Involving more than 500 interpreters in 15 languages, the Babels team navigated through the multiple tensions, which shaped my dynamic positionality in Babels, in and beyond the London ESF.

Framing the interdisciplinary contribution: positionality in academic and activist practice

I left the London ESF with the conviction that radical change dwelled in Babels, both for the movement (where the politics of language was still an afterthought) and for my field of knowledge (were interpreting was largely rooted in the service economy). This prompted me to stay involved as a volunteer coordinator and interpreter for the World, Mediterranean and European, Social Forums – Porto Alegre (2005), Barcelona (2005), Athens (2006) and Malmö (2008) – and to undertake a longitudinal study of Babels throughout the 2000s.
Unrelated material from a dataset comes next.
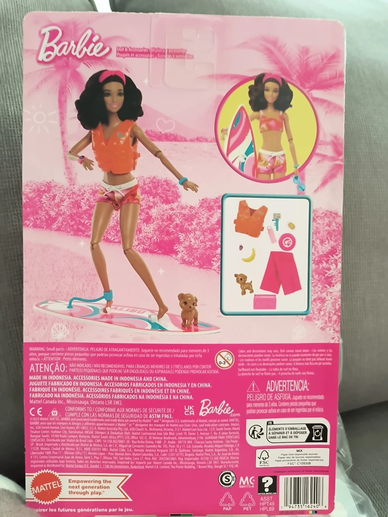 Selling a brand new Barbie Malibu doll still in its original packaging! This set includes a Barbie doll with a surfboard, a cute puppy, and various accessories for a fun day at the beach. Perfect for kids aged 3+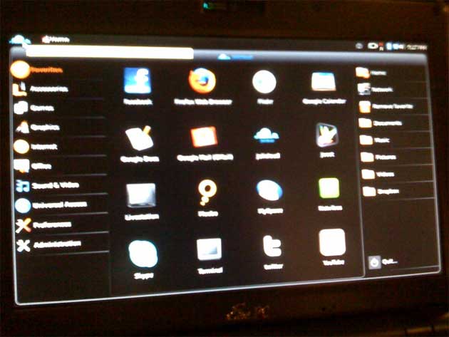 Jolicloud isn’t ready to launch yet. I did manage to track Tariq down for a few minutes here in Paris to get a demo, though, on a low end Asus Eee PC. He won’t yet share proper screen shots of the user interface, saying it isn’t locked down yet. But I did grab a couple of blurry photos with my phone.

But doing so had ethical, political and epistemological ramifications that had to be given careful consideration. Writing about Babels in an academic environment was not without risks of alienating the network, given Babels’ disruption of both expertise and representation, particularly bearing in mind that harnessing the insights gained from the Babels’ unfolding experience to the humanities and the social sciences was constrained by prevailing paradigms of interpreting and social movements studies.
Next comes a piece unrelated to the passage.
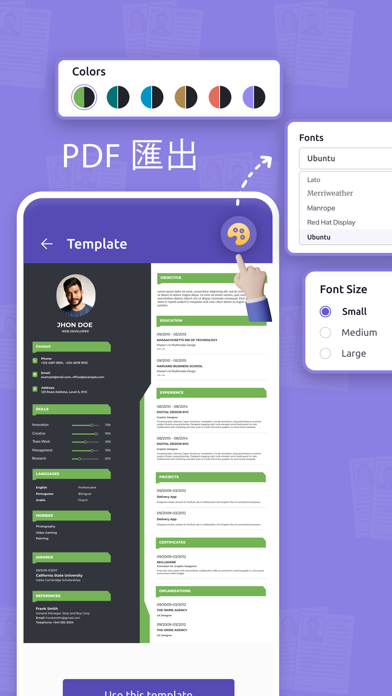 使用简历生成器应用程序免费的简历制作器,在不到 5 分钟的时间内轻松创建和管理您的简历或简历员工,从而找到您梦想的工作。任何寻找更好职业机会的人,都可以通过各种数据驱动的简历模板、自定义功能、多种语言和最新的招聘趋势,以两倍的速度获得. 创建、查看和共享 1. 填写个人信息并选择您想要的简历模板。 2. 点击预览您的简历。 3. 在多个平台上保存和共享 PDF。 Free Resume Builder CV Maker 的特点 * 用户友好的界面:具有直观且易于导航的界面。 * 专业模板:为求职者提供经过招聘人员测试的简历模板,吸引潜在雇主的注意。 * 以 PDF 简历格式保存和分享:允许用户立即将简历保存为 PDF 并与全世界分享。 * 客观建议:拥有针对多个领域的写得很好的客观建议。 * 多种语言:用户可以从选项列表中选择他们的首选/母语。 * 广泛的自定义选项:启用/禁用功能允许隐藏不相关的内容,个人资料图片是可选的。 * 编辑字体颜色、大小和样式:自定义模板的字体颜色、大小和样式。 订阅计划 立即通过按年或按月订阅付费版,享受无广告和无限制的简历模板。确认购买后,您的付款将记入您的 iTunes 帐户。其次,您的订 阅会自动续订,但您可以在当前订阅期结束前 24 小时访问您的帐户设置来关闭自动续订。 Enjoy seeking new opportunities with career edge resume builder/resume editor. No need to spend hours and days building a professional resume. CV builder iOS app/resume editor is getting all the work done for you. CV builder free resume maker offers a rich array of customizable professional resume templates and sharing options as a PDF resume format in one go. Also, Resume CV Builder multilingual app offers content hiding and swappable feature, font family editing, optional photo addition, and more. Plus, this Resume CV Builder app/resume editor lets users utilize live feedback. For queries, Contact us at support@codematics.co Terms of Use: https://www.apple.com/legal/internet-services/itunes/dev/stdeula/ 整体性能和可靠性提升。 更新了用户界面间距和布局,提升了应用整体的一致性。 优化了加载状态,带来更流畅的用户体验。

Interpreting studies, my home discipline was (and to a certain extent still is) dominated by expert-led descriptive empiricism. Accounting for Babels through the lenses of professionalism and the service economy would have misrepresented a group which emerged and developed in organicity to a social movement that reconfigured power and knowledge to usher an alternative society from the bottom-up. An illustrative example of expert-led, oppressive reviews of Babels, can be found in Naumann (Citation2005) well-known and hotly debated critique of the network, published by AIIC, the International Association of Conference Interpreters. Like my peers in Babels, I was aware of the uneven quality of interpreting at the Social Forum but felt that if such a study was to be eventually undertaken, it would have to do justice to its unconventional political and logistical framework, which interpreting studies was hardly equipped to account for. Notwithstanding the growing interest in interpreters’ positioning, visibility and power, the so-called social turn in interpreting studies was largely focused on institutionalised contexts. Because of Babels’ structurelessness and heterogeneity and given that the Social Forum itself constituted an unconventional interpreting setting, the Babels experiment posed an added analytical challenge. As a horizontal network, Babels had no elected members, entrusted with a clear mandate over their constituencies, but a pool of members with varying backgrounds in activism and/or interpreting contributing to the degree they desired, on the site of Social Forums and/or online. Interpreting was thus differently organised from one Social Forum to another and contingent upon the particular cultural and political context of each organisational process. Because poor interpreting ultimately jeopardises participation and diversity, Babels was pressured by members to address quality within the particular constraints of the Social Forum. Analysing quality empirically would have merely reinforced the mainstream discourse of professionalisation, and eschewed Babels’ capacity to address and act upon (however imperfectly) the tensions arisen by its endeavour. My involvement in (and beyond) the London ESF placed me in a unique position to provide a detailed account of the disruptive sociopolitical Babels experiment and its political, scientific and societal stakes in contemporary activism.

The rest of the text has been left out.